Not reassuring. If there's money to be made, people will try to make it. It's reasonable to assume a group of friends would take a weekend trying to collude at poker.
There are a few things you could potentially do to make it not worth their time. The first is to take money before assigning a table, and then randomly assigning the person. The second is to have the house take such a large cut that even with collusion it's not profitable.
You still have to worry about Sybil attacks. It's one thing for me and my 3 friends to play poker together and try to land at the same table. It's another for me and my 1000 bots at different IP addresses (bots who will, of course, play computationally perfect games and collude any time they are at the same table) to try and beat the odds.
There are few enough IPv4 addresses that just about any hash forms an injective mapping which can be completely reversed: the best you can do is use something like HMAC and "pepper" it, but that only works if the clients can't verify or generate them.

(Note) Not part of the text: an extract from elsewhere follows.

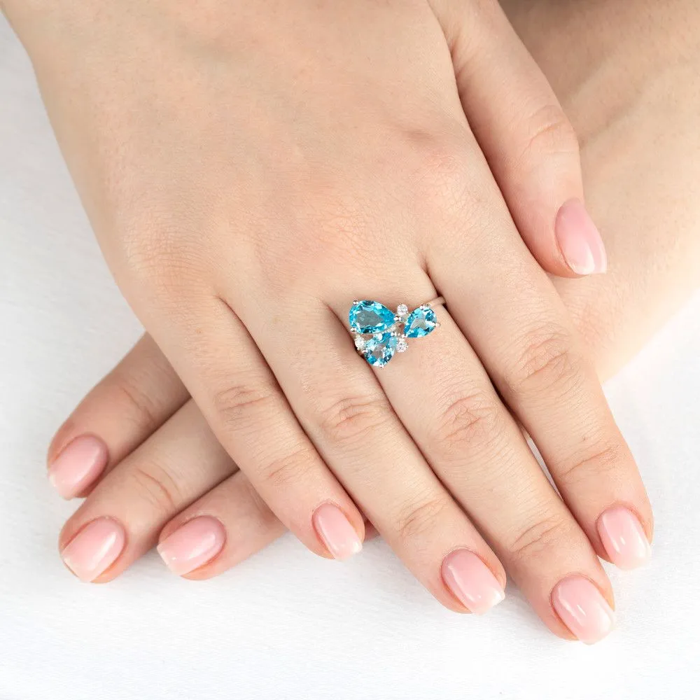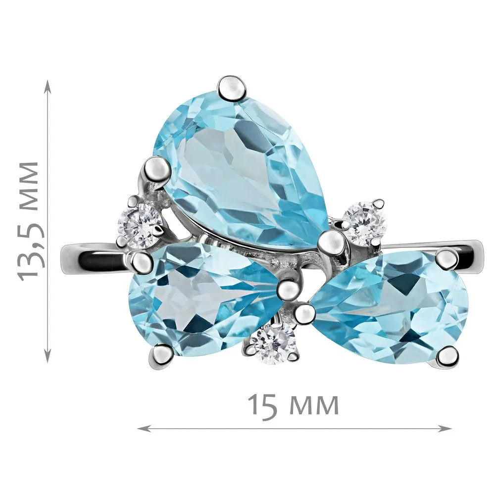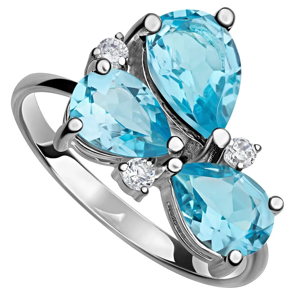 Серебряное кольцо с натуральным голубым топазом (Swiss) - коллекция Капель / покрытие Палладий. Средний вес украшения с камнями 3.08 гр. Месторождение: Топаз (Намибия) Ювелирные вставки: Топаз (Натуральный) груша 6*9 мм., средний вес: 1.45 карат. Топаз (Натуральный) груша 5*7 мм., средний вес: 0.78 карат. Все изделия собственного производства и имеют гарантию 12 месяцев. Арт. 8768PD. Топаз – камень, который отличаются особенным блеском и многообразной гаммой. Сверхтвёрдый и сверхпрочный, он наделен и лечебными, и магическими свойствами. Считалось, что амулет из топаза способен благоприятно повлиять на зачатие, потому часто дарился бездетным парам. Это камень дружбы и благоразумия, радости, оптимизма и надежды.

No, but you can definitely identify collusion. It's really very simple. When you see the guy with JJ fold preflop and the two remaining players have, say, AA and AQ, it suggests that JJ and AA have colluded to keep AQ in the pot. So you build a pipeline to process and detect this sort of thing. It doesn't have to be realtime. Same day would suffice. Besides, you will need hundreds, maybe thousands of hands to classify it reliably.
And you can be certain that none of that is happening in this example and I'd never play there -- unless I wanted to collude with friends.
There is no way to stop serious and experienced collusion from any table in any online poker room in the world.
As others have mentioned, proxies and out of band communication make it nearly impossible to really detect.
That said, detecting blatant or clueless collusion is fairly simple, as things like chip dumping and soft-playing can become fairly obvious just by observing play.